> **BRIEF**: Transcribed word for word, the lines below from the one with "old school rose" through the last line of the records form the answer; no picture is to be included.

> **Stored items**:
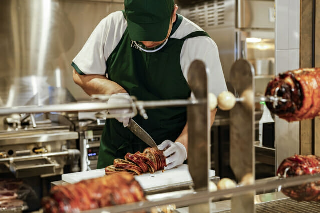 가장 눈에 띄는 공간은 바베큐 특화 코너인 ‘테이크 그릴’이다. 식재료를 꼬치에 꽂아 천천히 돌려가며 구워내는 로티세리 방식으로 요리가 완성되는 과정을 고객이 실시간으로 지켜볼 수 있다.
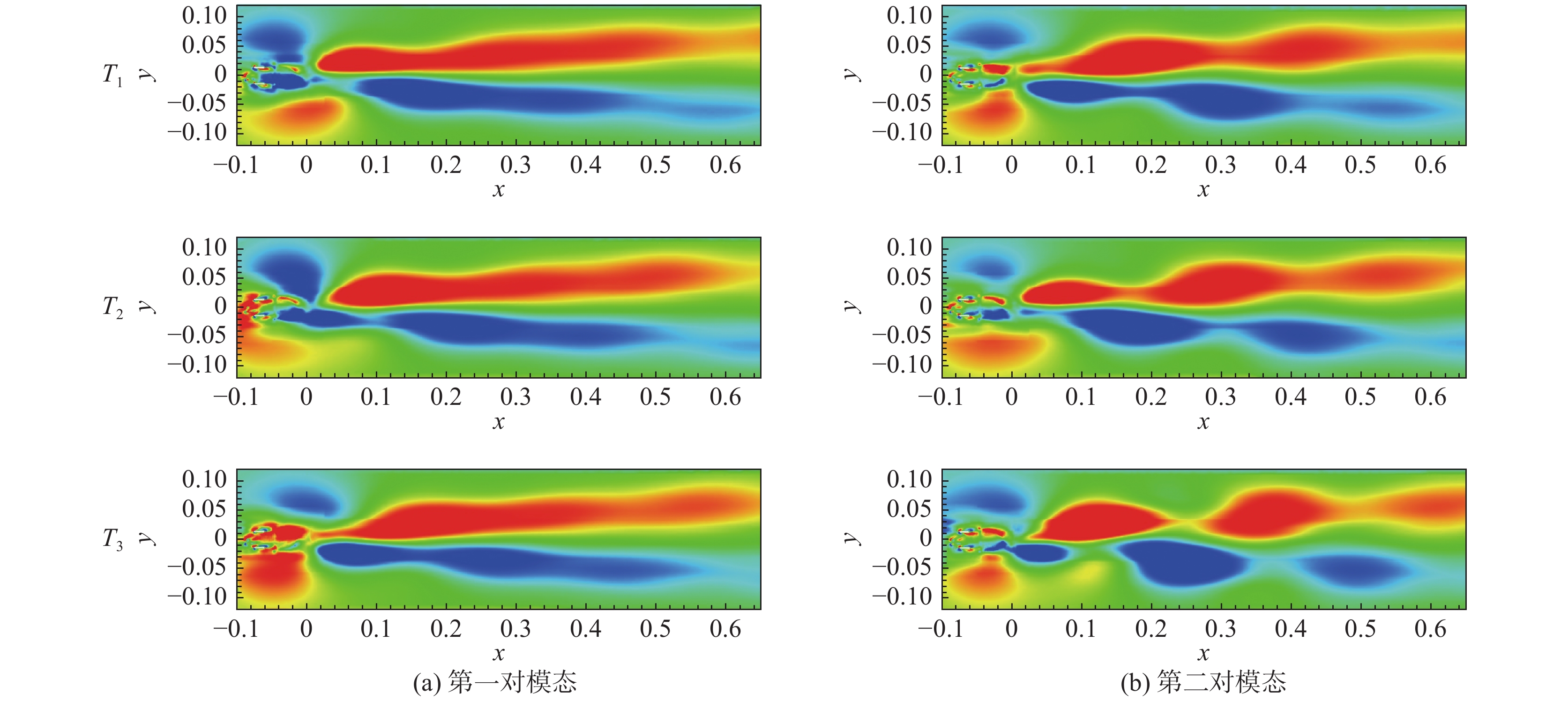 图14~图16分别展示了不对称转向架、对称转向架和无转向架三种转向架构型的第一对模态和第二对模态的涡量重构结果。从不对称转向架结果来看,对于第一对模态重构结果,可以看到从近尾迹区的交替涡脱落,向下游发展与流向向涡对相互作用后相融合;对于第二对模态重构结果,T1时刻尾迹的主要特征为正弦式震荡,而T3时刻为交替涡脱落,T2时刻则为二者的一个过渡。因此第一对模态表示交替的涡脱落特征,而第二对模态表示涡脱落与正弦式震荡交替出现的双稳态特征[10],故两对模态在模态图上差别不大。从对称转向架结果来看,如图15所示,相比不对称转向架,第一对模态重构结果的展向范围更窄;第二对模态的的涡脱落不明显,正弦式震荡也不如不对称转向架强烈。从无转向架结果来看,如图16所示,第一对模态的重构结果也能观察到涡脱落,但在近尾迹区较为混乱,与其他两种转向架差别较大,主要是由于空腔后缘流动分离产生的大尺度涡脱落造成的;第二对模态重构结果的涡脱落和正弦式震荡的强度均介于不对称转向架和对称转向架之间。
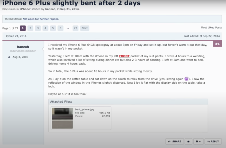 많은 사람들이 일상생활을 하는데 아이폰이 휜다는 이야기가 소셜미디아에 돌기 시작했으며 2014년 9우러22일 Macrumor에 hanzoh가 아이폰6 플러스를 "앞 주머니"에 넣고 일상생활을 했는데 휘었다면서 인증사진을 올렸습니다.
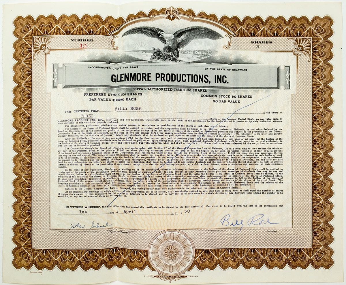 Three shares of stock in Glenmore Productions issued and signed by President Billy Rose in April 1950. Billy Rose was personal secretary to Bernard Baruch early in his career and went on to become a lyricist and Broadway Promoter into the 1960s. Among his hit lyrics are "Me and My Shadow," "Does the Spearmint Lose its Flavor on the Bedpost Overnight," "I Found a Million Dollar Baby" and "It's Only a Paper Moon." Prag Collection.
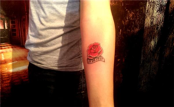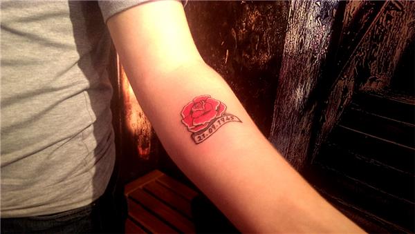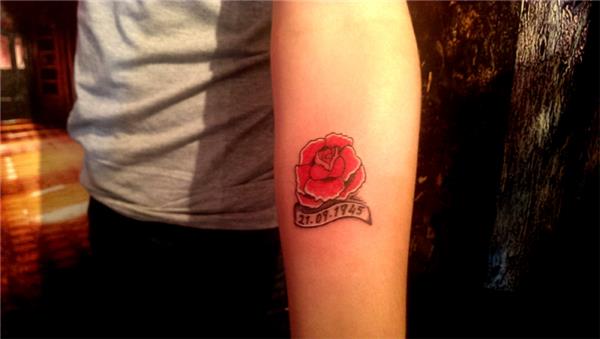 old school rose tattoo, Gül dövmesi, rose tattoo, Atilla Arcan doğum tarihi dövmesi, Atilla Arcan anısına dövme, Kol Dövmeleri, Gül Dövmeleri
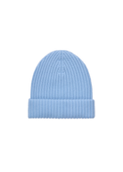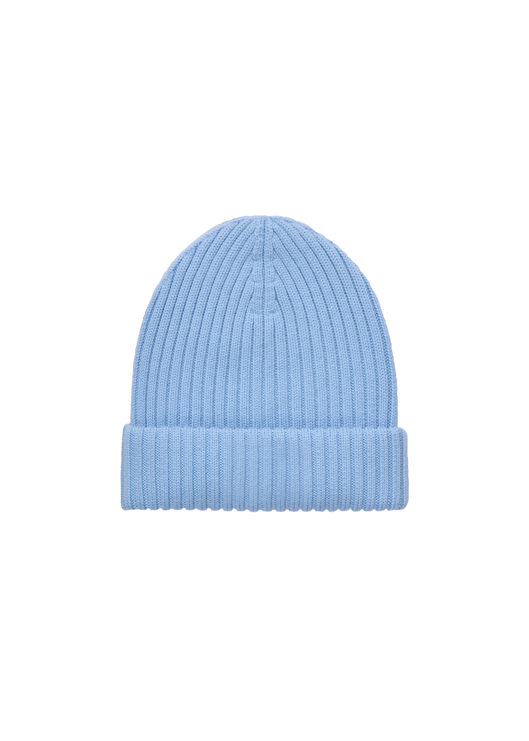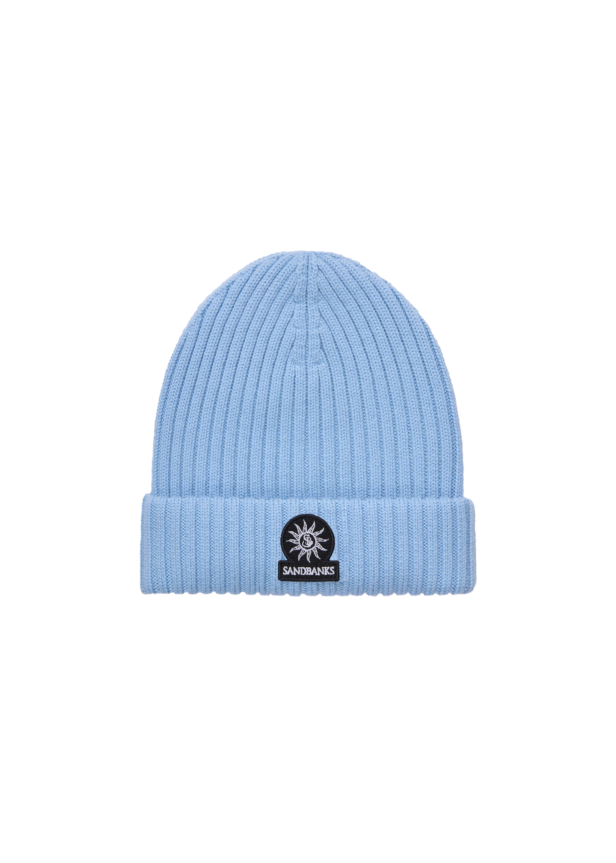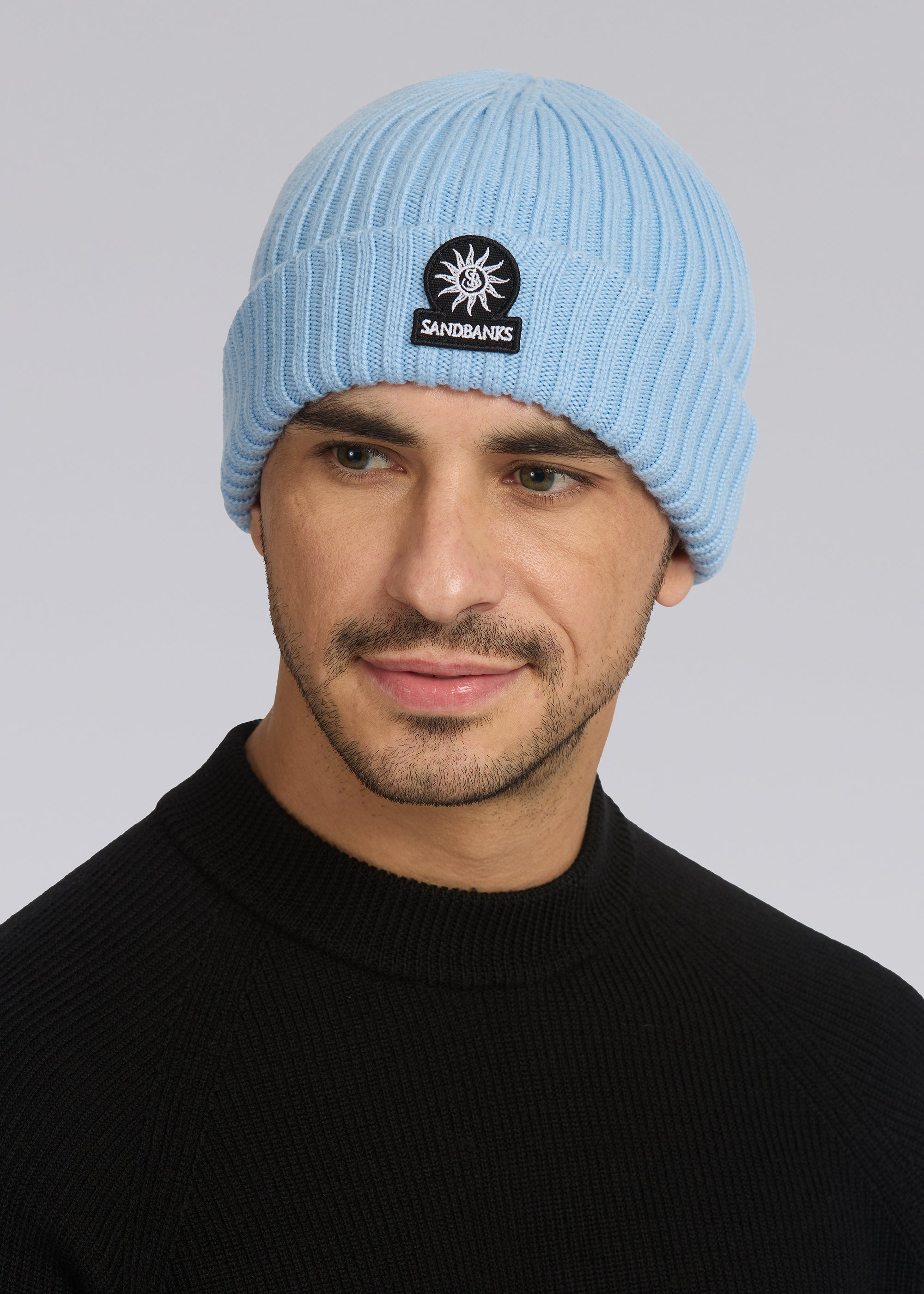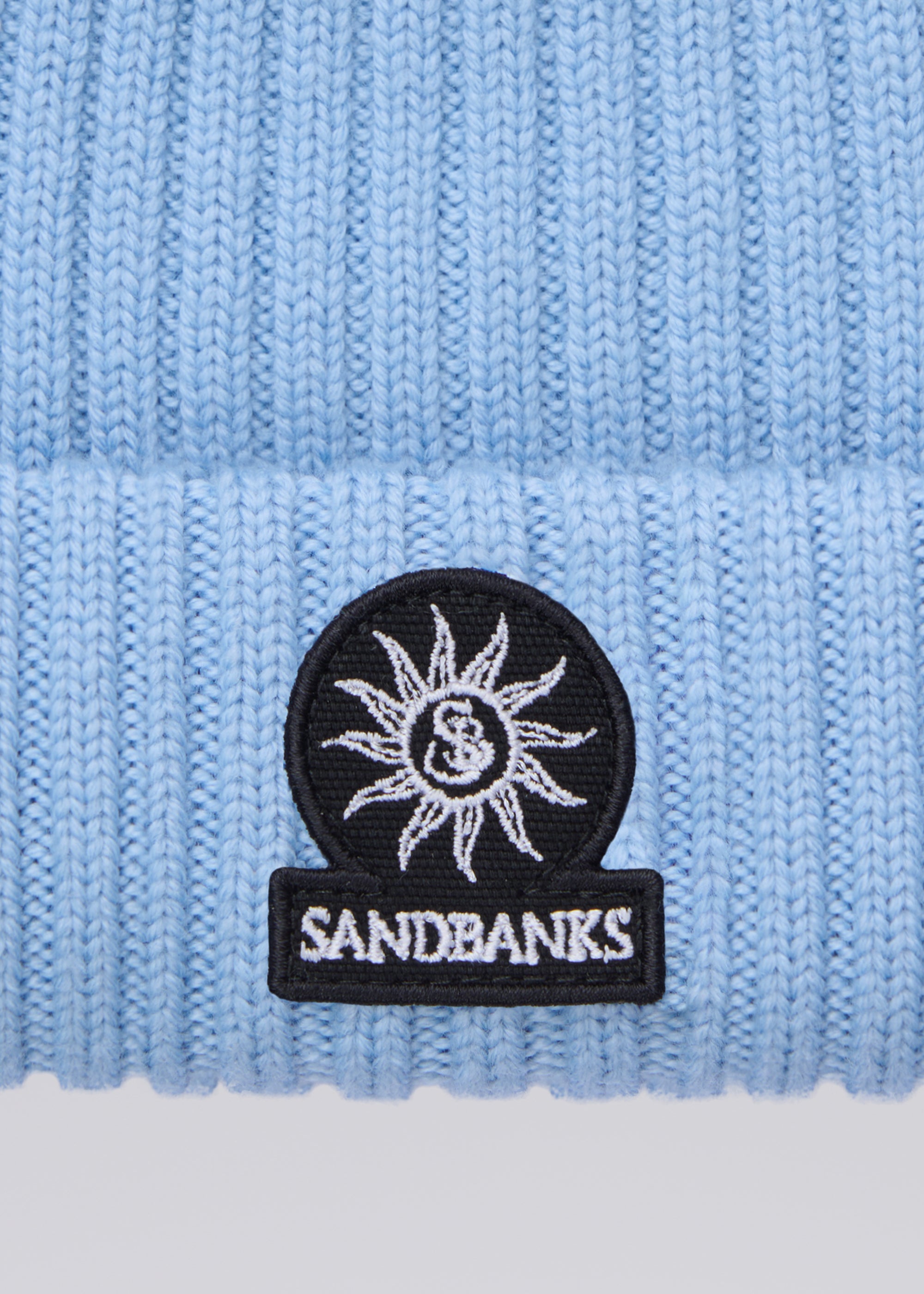 Sandbanks knitted badge logo beanie in crystal blue, made from 100% Merino wool . Merino wool is known for its softness, warmth, and moisture-wicking properties, making it the perfect material for a comfortable and functional beanie.

> **ANSWER SECTION**:
 old school rose tattoo, Gül dövmesi, rose tattoo, Atilla Arcan doğum tarihi dövmesi, Atilla Arcan anısına dövme, Kol Dövmeleri, Gül Dövmeleri
 Sandbanks knitted badge logo beanie in crystal blue, made from 100% Merino wool . Merino wool is known for its softness, warmth, and moisture-wicking properties, making it the perfect material for a comfortable and functional beanie.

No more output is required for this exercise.